> _TASK GOAL_: Pictures are not part of the copy; reproduce the remaining data exactly.

> _DATA SHOWN_:
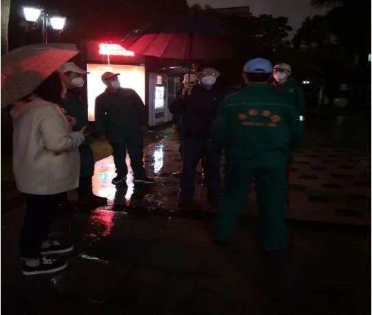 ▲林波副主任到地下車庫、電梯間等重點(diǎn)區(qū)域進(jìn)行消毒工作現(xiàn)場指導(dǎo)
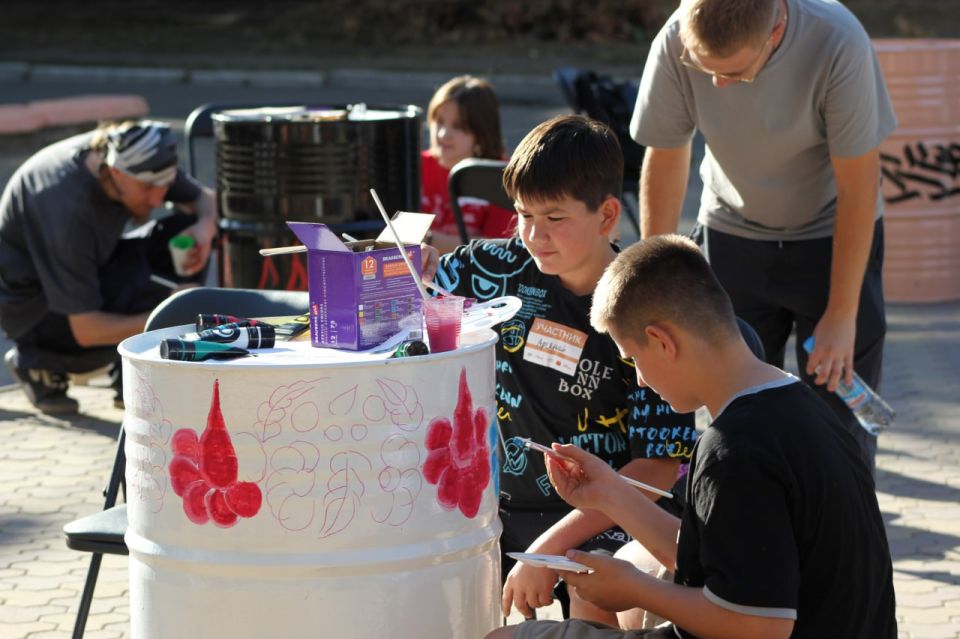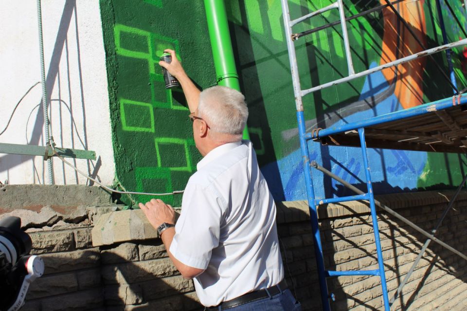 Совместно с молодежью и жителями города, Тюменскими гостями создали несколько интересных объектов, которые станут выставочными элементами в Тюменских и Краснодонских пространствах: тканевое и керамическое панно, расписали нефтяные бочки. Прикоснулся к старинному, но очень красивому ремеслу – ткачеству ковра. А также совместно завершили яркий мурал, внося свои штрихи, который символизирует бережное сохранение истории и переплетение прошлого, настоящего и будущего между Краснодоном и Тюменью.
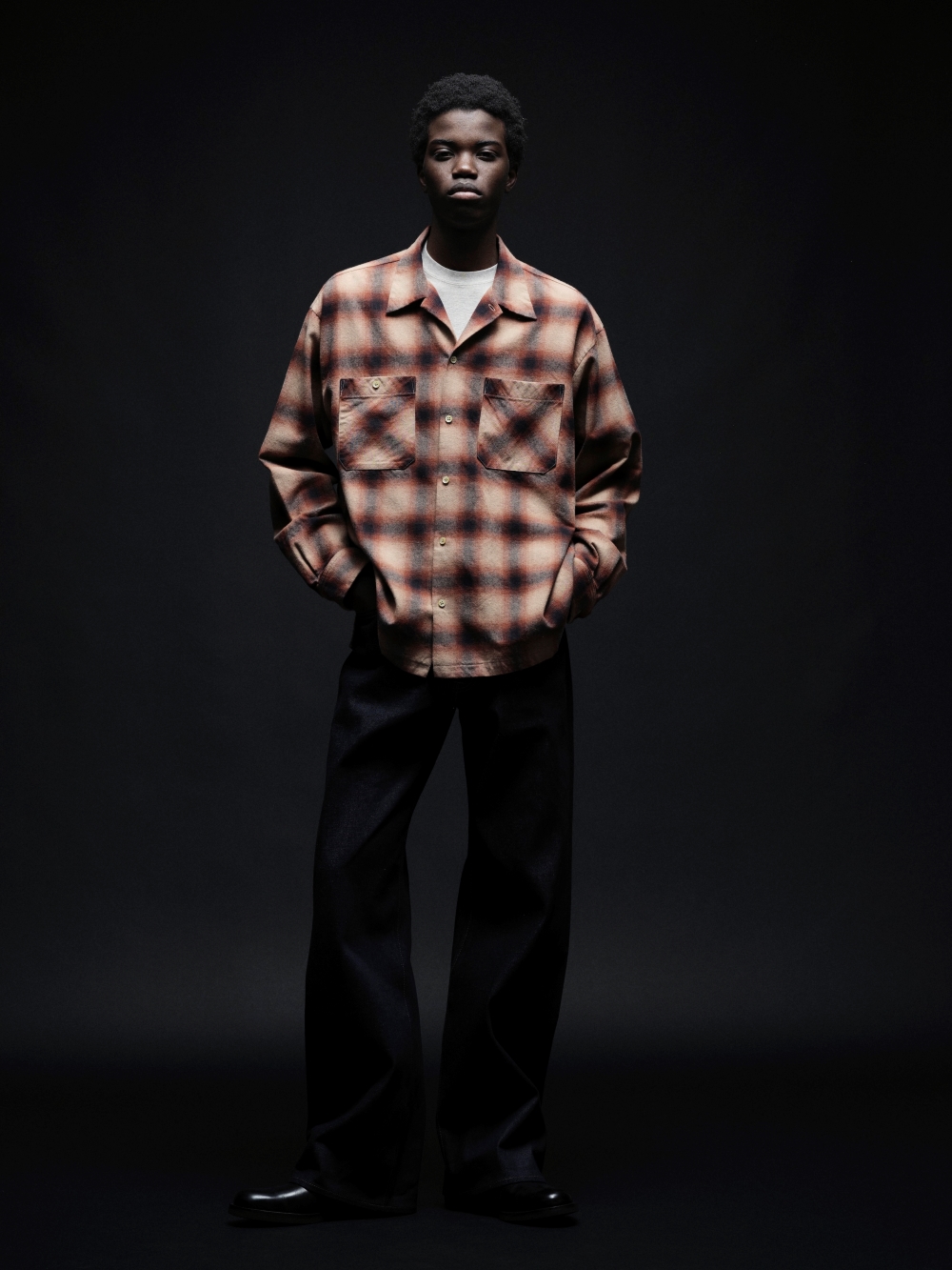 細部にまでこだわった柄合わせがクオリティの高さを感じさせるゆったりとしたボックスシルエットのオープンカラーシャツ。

> _WRITTEN ANSWER_:
 ▲林波副主任到地下車庫、電梯間等重點(diǎn)區(qū)域進(jìn)行消毒工作現(xiàn)場指導(dǎo)
 Совместно с молодежью и жителями города, Тюменскими гостями создали несколько интересных объектов, которые станут выставочными элементами в Тюменских и Краснодонских пространствах: тканевое и керамическое панно, расписали нефтяные бочки. Прикоснулся к старинному, но очень красивому ремеслу – ткачеству ковра. А также совместно завершили яркий мурал, внося свои штрихи, который символизирует бережное сохранение истории и переплетение прошлого, настоящего и будущего между Краснодоном и Тюменью.
 細部にまでこだわった柄合わせがクオリティの高さを感じさせるゆったりとしたボックスシルエットのオープンカラーシャツ。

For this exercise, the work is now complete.